Hiroshige11_hakone.jpg

 Hakone par Hiroshige extrait des 53 stations du Tokaïdo


          A la différence des sports de compétition où l'entrainement vise à la performance et où l'Ego est facilement nourri, dans les budo, dans les bujutsu, l'essentiel du travail, dans l'idéal, consiste au contraire à tenter d'effacer l'Ego pour laisser la technique jaillir, sans pensée, Mushin no shin. Voici ce qu'en dit le maître zen, Takuan Soho

 

    "L'esprit devrait toujours être dans un état de fluidité, lorsqu'il s'arrête sur quelque chose le flux est interrompu et c'est l'interruption qui est préjudiciable au bien-être de l'esprit. Dans le cas d'un sabreur, cela signifie la mort. Quand le sabreur se tient devant son adversaire, il ne pense pas à son ennemi, ni à lui-même, ni aux mouvements du sabre de son adversaire. Il se tient juste là avec son sabre, qui oubliant toute technique, est prêt à suivre uniquement ce que lui dicte le subconscient. L'homme s'est effacé en maniant le sabre. Quand il frappe, ce n'est pas l'homme mais le sabre dans les mains du subconscient de la personne, qui frappe."

 

        Je ne crois pas me tromper en avançant que nous retombons facilement dans un model compétitif à "l'insu de notre plein gré"...et lentement mais sûrement l'ego reprends le dessus. Comment tourner ce va et vient incessant à notre avantage?

 

 

De l'expérience né le progrès

 

    Transformer notre expérience négative, frustration née de la volonté de réussir, de faire, en énergie positive pour progresser dans la volonté de ne pas faire, d’agir sans vouloir agir…

 

Contrôler l’Ego? Le laisser s’exprimer? L’utiliser? Qu’en est il au final?

 

    

      On parle de lui comme de l’ennemi juré dans les arts martiaux, dans la méditation, au fond si comme si nous devions lutter en permanence contre nous même.
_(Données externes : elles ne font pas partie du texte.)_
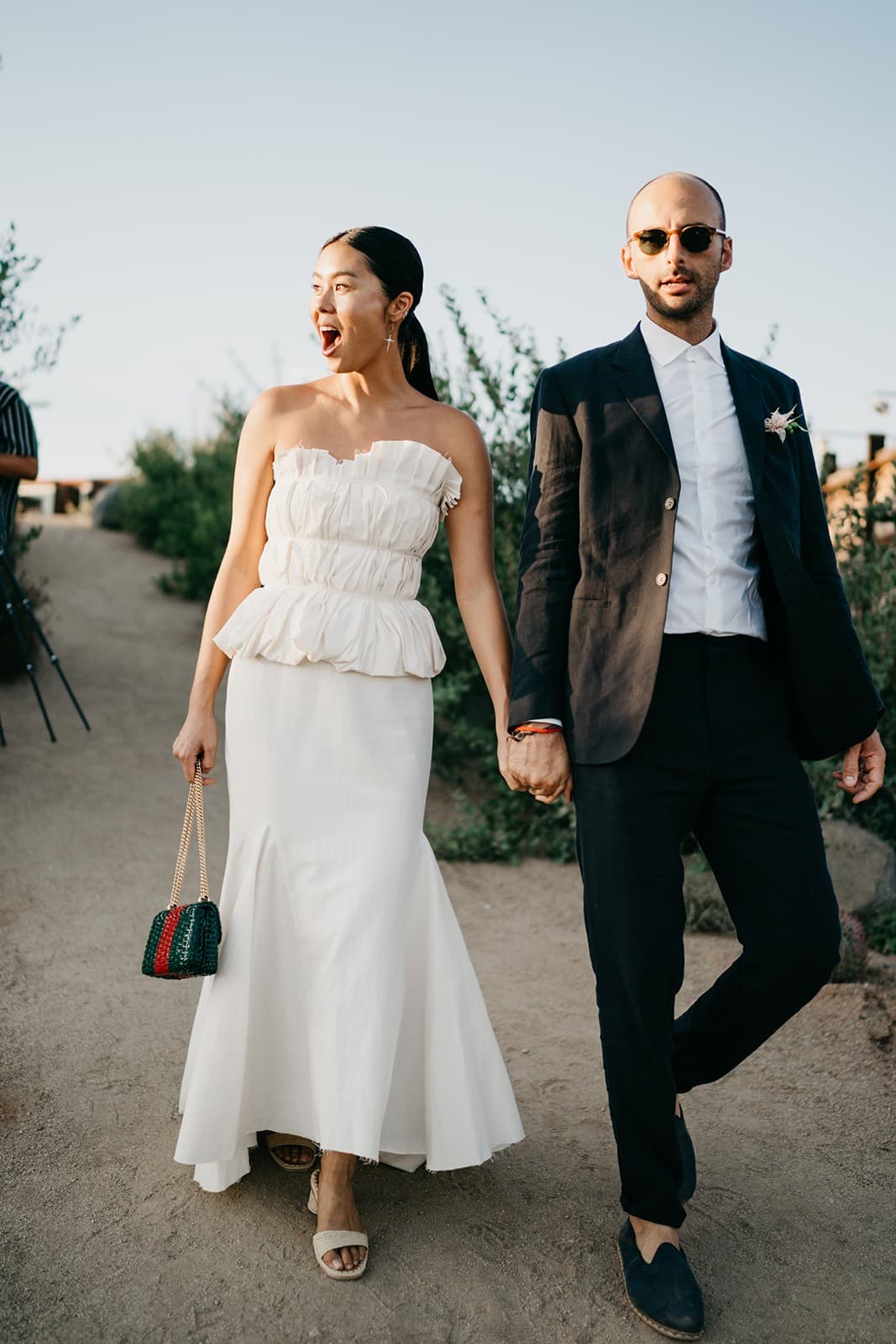 “For the reception, I changed into a linen Brock Collection bustier and skirt. I wanted the shoe to be more casual and have a thicker heel since I would be dancing all night. Earlier in the year, I designed a shoe for Chan Luu in collaboration with Carrie Forbes (they look similar to these). It was a block heel sandal made from Raffia. I did not have my wedding in mind when designing the shoe, but it ended up being perfect for the occasion. I loved the texture mix of the linen outfit and the raffia shoe and thought the materials complemented each other.”

Doit-on absolument chercher à faire taire cet Ego? Est ce là le sens de notre pratique? Plutôt que de combattre contre soi même, et par extension contre les autres, ne serait-il pas plus utile de trouver un terrain d’entente? Un Equilibre? 


 

 

yin-and-yang-145874_640.png

Yin et Yang en Chine, In et Yo au Japon symbole de l'équlibre entre le vide et plein, la volonté et son absence... 


 

    C’est un peu le sens de la recherche martiale. Trouver un moyen d’harmoniser l’esprit et le corps afin d’obtenir une utilisation optimale de nos fonctions? Enlever les tensions inutiles du corps, souvent liées à celles de l’esprit, afin d’unifier notre pensée et notre mouvement. Peut-être est-ce un peu cette idée quand on parle de « Non-pensée »? Non pas un état où plus rien ne passe car sans cela l’action n'existe pas mais un état où étant uni aux mouvements du corps l’esprit se tait, accompagne et guide silencieusement.

 

      Bien évidemment il s'agit d'une réflexion personnelle sur un sujet complexe, intangible. C'est une piste que j'ai développée autour de ma propre expérience et je tenais à la partager. Plutôt que de m'énerver de mes échecs dans la pratique j'essaye d'apprendre d'eux. J'ai l'impression d'être plus habile avec le temps mais peut être est-ce encore un tour de l'Ego...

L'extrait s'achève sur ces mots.